Revista de Estudios Sociales

rev. estud. soc. | eISSN 1900-5180 | ISSN 0123-885X

The Distances of Belief: Secularization, Idolatry, and the Thought of the Other

No. 34 (2009-12-01)
  • Diego Cagüeñas Rozo
    Universidad de los Andes. Bogotá, Colombia.

Abstract

Is it necessary to believe what the other believes to understand him? This paper explores different perspectives through which anthropology has addressed this question. The main argument is that because it is a discipline that arose alongside modernity and the secularization of the world, anthropology has tended to ignore what is specifically "religious" in believing so as to reduce it to a social and symbolic phenomenon.
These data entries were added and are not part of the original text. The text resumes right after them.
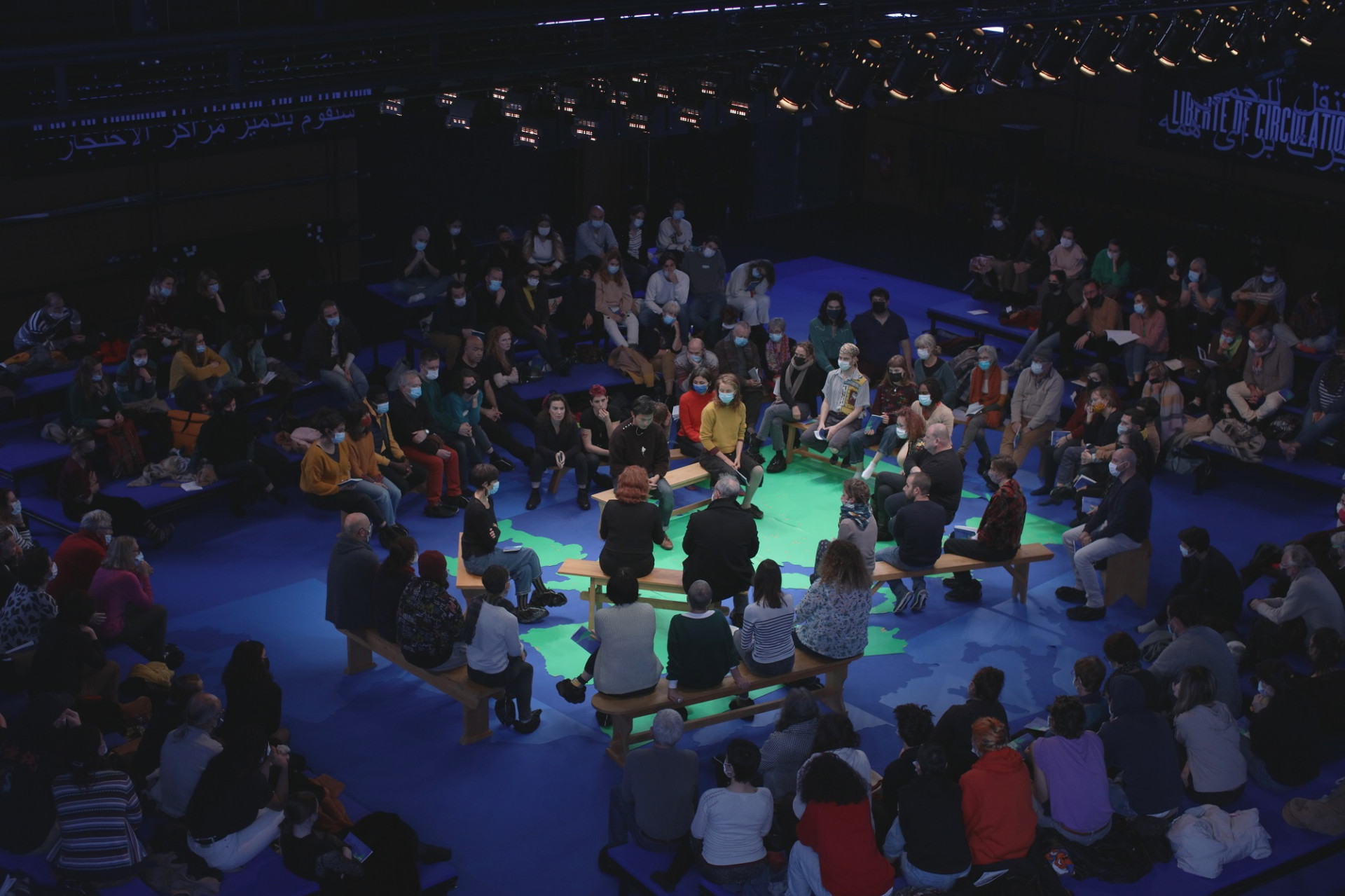 Dans un espace quadri-frontal en perpétuelle métamorphose, Patricia Allio crée une agora vivante qui rend poreuse la frontière entre l’art et le militantisme. Et nous invite à nous y asseoir pour inventer un autre monde.
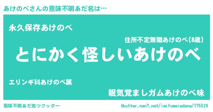 | 男性向けラノベタイトル風あだ名 | 『ダンジョンにあけのべを求めるのは間違っているだろうか』 |
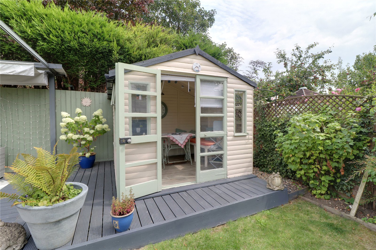 The property enjoys a large mature plot with the front having flagged steps to the front entrance door with adjoining planted borders and with an external power point ideal for a caravan or motorhome. The front driveway has been tarmac laid to allow parking for an excellent number of vehicles with continuation of driveway to the side leading to detached tandem garaging. The rear garden is fully enclosed and has an excellent degree of privacy and initially provides large Indian slate flagged seating areas on two levels which enjoys a brick built barbeque and matching raised flowerbeds and with access through to a generous lawned garden, raised planted hedge shrub borders and with the Indian slate flag work continuing to allow access to a rear seating area. At the rear of the garden there is a decked seating area with pergola and canopy over and houses a timber store shed and summer house.
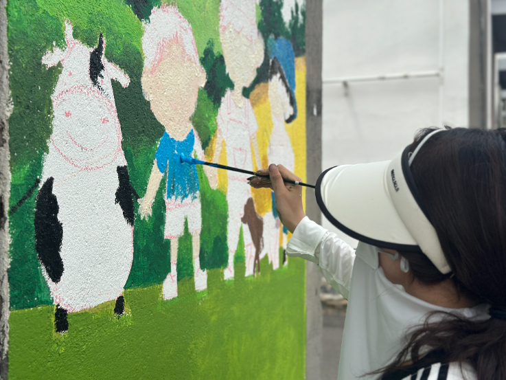7月22日至25日,靈光村實(shí)踐分隊(duì)緊扣當(dāng)?shù)?ldquo;蘿卜之鄉(xiāng)”“菌菇基地”的產(chǎn)業(yè)特色,巧妙融入千年虞姬傳說(shuō),展開藝術(shù)創(chuàng)作。團(tuán)隊(duì)成員不畏40℃酷暑,在42平方米的墻面上精心繪制:水靈如玉的白蘿卜掛著露珠,肥厚的菌菇堆積成山,畫面中心生動(dòng)呈現(xiàn)村民聊天、采收的溫馨勞作場(chǎng)景,一派豐收繁榮景象。設(shè)計(jì)亮點(diǎn)在于,團(tuán)隊(duì)成員以虞姬飄逸的緋色水袖為創(chuàng)意紐帶,串聯(lián)起象征現(xiàn)代發(fā)展的燈泡圖案,讓歷史傳說(shuō)與現(xiàn)代農(nóng)業(yè)在墻面上巧妙交融。駐村馬書記欣喜地指著壁畫向孩子們講解:“看!仙女的袖子變出咱們的飯碗啦!”活動(dòng)期間,團(tuán)隊(duì)還受邀與礦大支教團(tuán)合作,為村中兒童帶來(lái)生動(dòng)的手工美術(shù)課,共同制作橡皮泥娃娃,并引導(dǎo)孩子們參與戶外墻面點(diǎn)綴,天馬行空的童趣為畫作增添了別樣色彩。
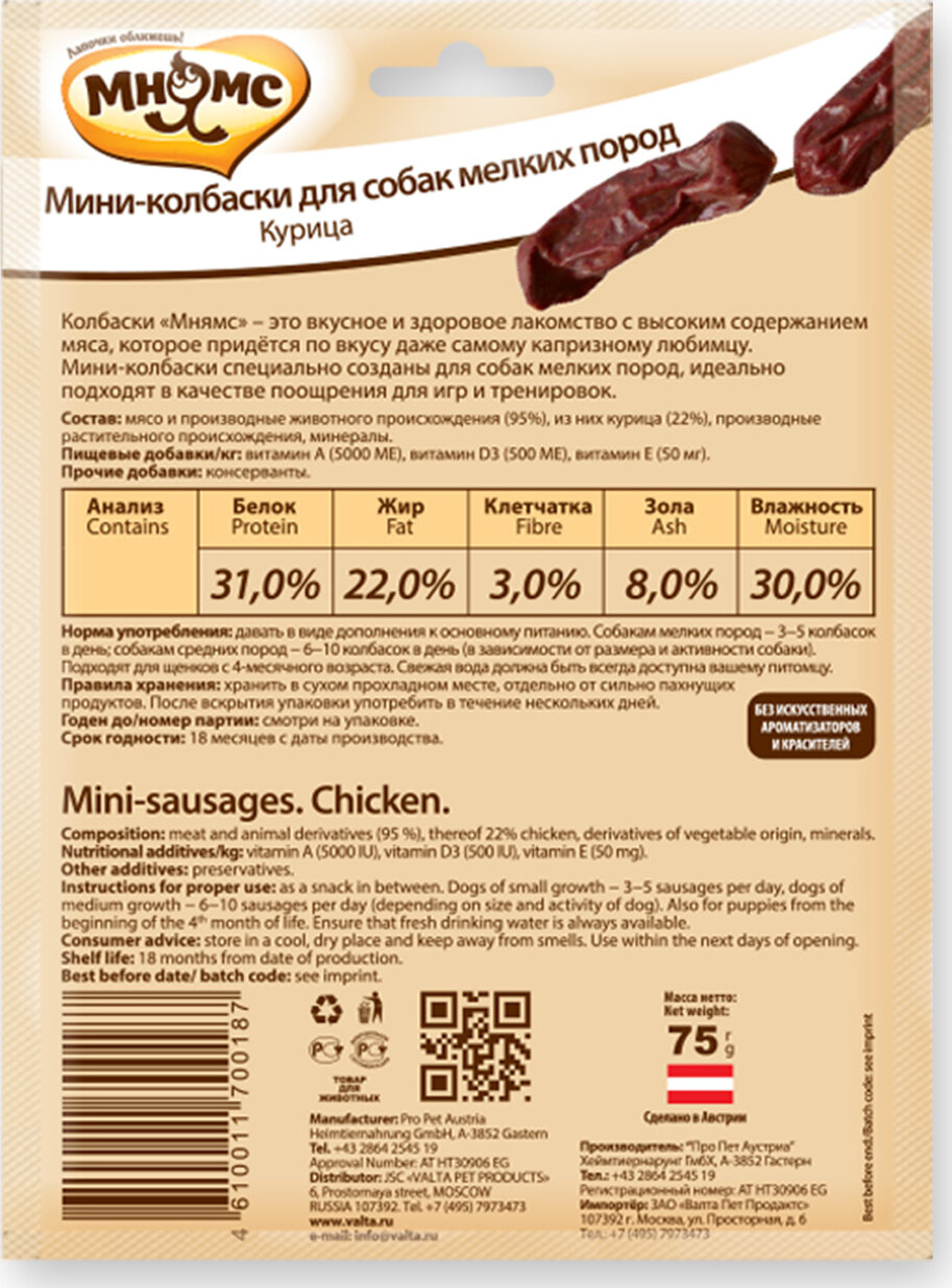 Лакомство Мнямс мини-колбаски с курицей для собак мелких пород 75 г *3 шт информация:

The importance of the problem of belief is reconsidered in respect to anthropology’s approach to the other once the researcher has dismissed the possibility of sharing the other’s beliefs. Turning to the ideas of distance and the defection of the sacred, I question the consequences that secularization brings to the exercise of ethnography and to the study of the problem of belief. Finally, I show that the return of the sacred responds to the logic of idolatry, which seeks to reinstate the authority of the orthodoxies that have been weakened with secularization. I conclude with a brief sketch of the kind of political action that could thwart the violent advance of idolatry in the political sphere.